§ **To do**: For this exercise, retype the lines from the one that holds "Häagen-Dazs Strawberry Ice" through the one that holds "Tuz Khurmatu Airbase" in the records below, both included, exactly and without pictures.

§ **Material for this exercise**:
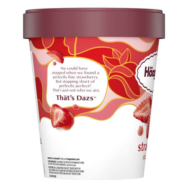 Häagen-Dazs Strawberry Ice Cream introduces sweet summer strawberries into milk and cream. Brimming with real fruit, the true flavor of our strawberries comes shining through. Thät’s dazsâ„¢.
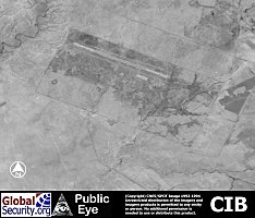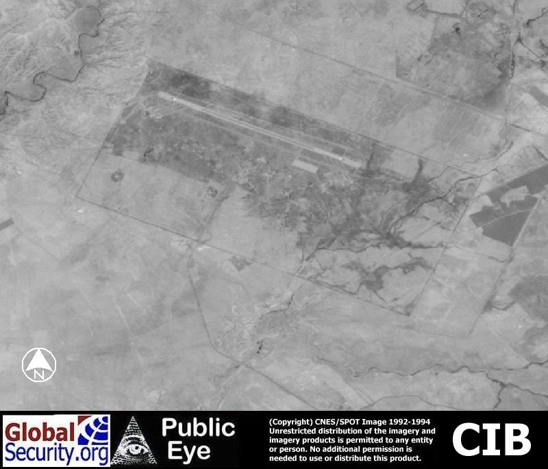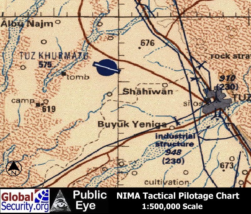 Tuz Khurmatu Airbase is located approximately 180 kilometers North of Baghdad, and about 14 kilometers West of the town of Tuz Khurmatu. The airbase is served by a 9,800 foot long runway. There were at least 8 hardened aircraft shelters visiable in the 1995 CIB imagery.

---

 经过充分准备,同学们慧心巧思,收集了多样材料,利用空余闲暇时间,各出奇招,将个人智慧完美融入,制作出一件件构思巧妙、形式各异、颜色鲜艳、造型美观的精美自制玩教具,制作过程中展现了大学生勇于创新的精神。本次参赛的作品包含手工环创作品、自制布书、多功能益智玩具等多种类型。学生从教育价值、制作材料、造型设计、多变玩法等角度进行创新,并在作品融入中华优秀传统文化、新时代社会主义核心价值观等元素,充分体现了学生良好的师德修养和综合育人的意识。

§ **Exercise output**:
 Häagen-Dazs Strawberry Ice Cream introduces sweet summer strawberries into milk and cream. Brimming with real fruit, the true flavor of our strawberries comes shining through. Thät’s dazsâ„¢.
 Tuz Khurmatu Airbase is located approximately 180 kilometers North of Baghdad, and about 14 kilometers West of the town of Tuz Khurmatu. The airbase is served by a 9,800 foot long runway. There were at least 8 hardened aircraft shelters visiable in the 1995 CIB imagery.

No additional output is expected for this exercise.